Segun Aremu, of Peculiar Innovative Consulting, observed that the escalating bank lending rate would affect key aspects of Nigeria’s economy in areas such as the real sector. It will also diminish bank risk assets, while exacerbating unemployment and contributing to inflation.
“The implications for the Nigerian economy can be seen in four ways; it will reduce real sector economic growth, meaning that fewer businesses and companies will seek funding from banks,” Aremu said.
He explained that banks serve as conduits for setting up or boosting organizations through loans and capital. High costs would discourage entities from seeking funds, leading to a downturn in real sector activities.
Aremu further elaborated, “The banking rate is the rate at which banks lend to their customers. As this rate increases, the cost of funds for borrowers also rises. The function of the bank is essentially financial intermediation, channeling funds from the surplus side of the economy to the deficit side.”
The deficit side refers to those who need money for business operations, such as purchasing machinery or increasing capital. The surplus side comprises individuals with excess funds who wish to save.
“When the average maximum lending rate was 29.38 percent, credit to the real sector declined, resulting in weakened business activities,” Aremu recalled.
The maximum lending rate is the rate at which commercial banks lend to customers with lower credit ratings. Data from the apex bank’s money market indicator showed that the average maximum lending rate began in January 2024 at 27.07 percent when the MPR was 18.75 percent, and fell to 26.55 percent in February 2024 after the CBN’s monetary policy committee raised the MPR to 22.75 percent.
In March and April 2024, the banking sector’s average maximum lending rate stood at 29.38 percent and 29.49 percent, respectively, amid an MPR of 24.75 percent.
Aremu noted that the high banking lending rate would reduce Nigeria’s Bank Risk Asset, meaning fewer people would take out loans and advances.
“Analysts have predicted a further increase in the maximum lending rate due to the hike to 26.25 percent by the Monetary Policy Committee (MPC) of the CBN at the May 2024 meeting,” he added.

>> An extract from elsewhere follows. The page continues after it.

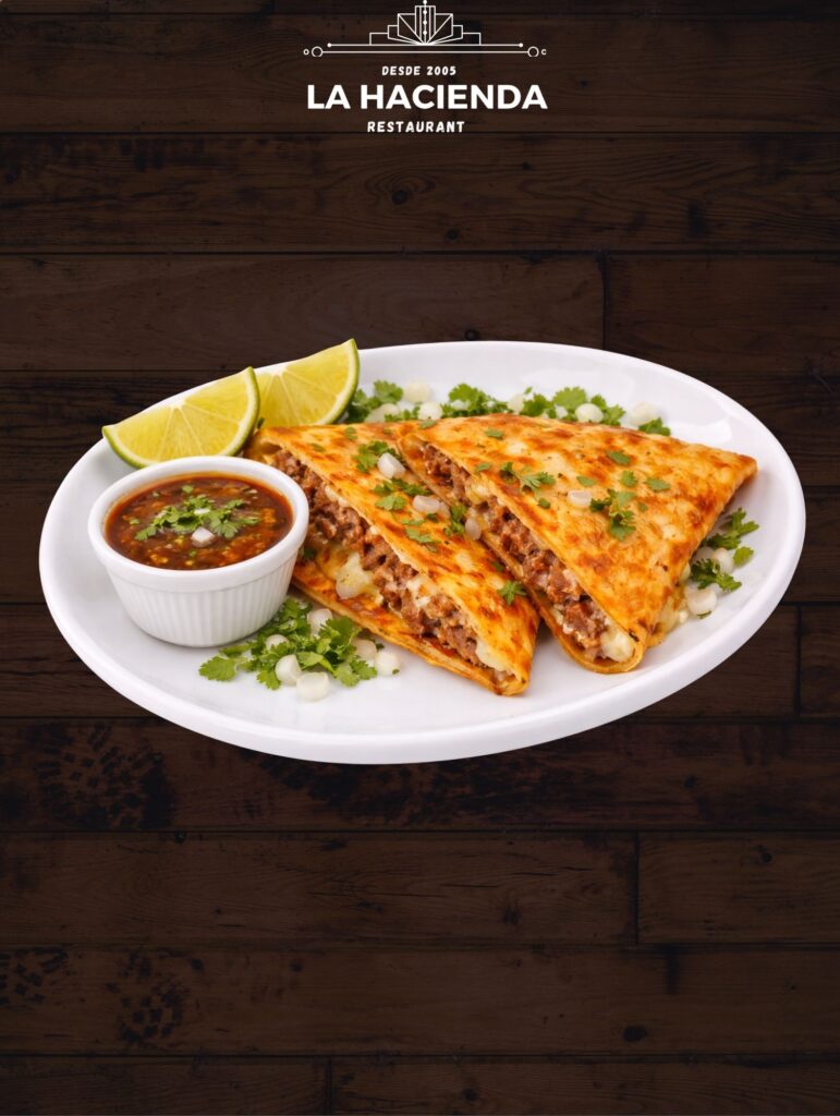“GOLDEN CORN, FLOUR, OR WHOLE WHEAT TORTILLA FILLED WITH JUICY BEEF BIRRIA, MELTED CHEESE, AND A TOUCH OF CILANTRO AND ONIONS. SERVED WITH HOT CONSOMMÉ FOR DIPPING AND SAVORING EVERY BITE.”

The average maximum lending rate closed at 26.62 percent in 2023, following the CBN’s increase in MPR to 18.75 percent. The unexpected rise in MPR, attributed by the CBN to efforts to curb inflation and alleviate pressure on foreign exchange, has influenced the banking sector’s lending rates.
Despite the challenges posed to the Nigerian business community, the International Monetary Fund (IMF) has commended the MPC’s decision to tighten monetary policy further by increasing the policy rate to 26.25%.
Aremu also mentioned that the high rate tends to fuel inflation, as some companies will pass on the increased costs of funds to consumers.
“If the cost of funding is too high, companies will look to cut internal costs, which may include reducing employment,” he said.
However, Aremu expressed optimism that the government could still implement several initiatives and incentives, such as tax reductions and rebates for organizations.
He suggested that the government could also empower other sectors of the economy, such as power and agriculture, which would have a ripple effect on the economy.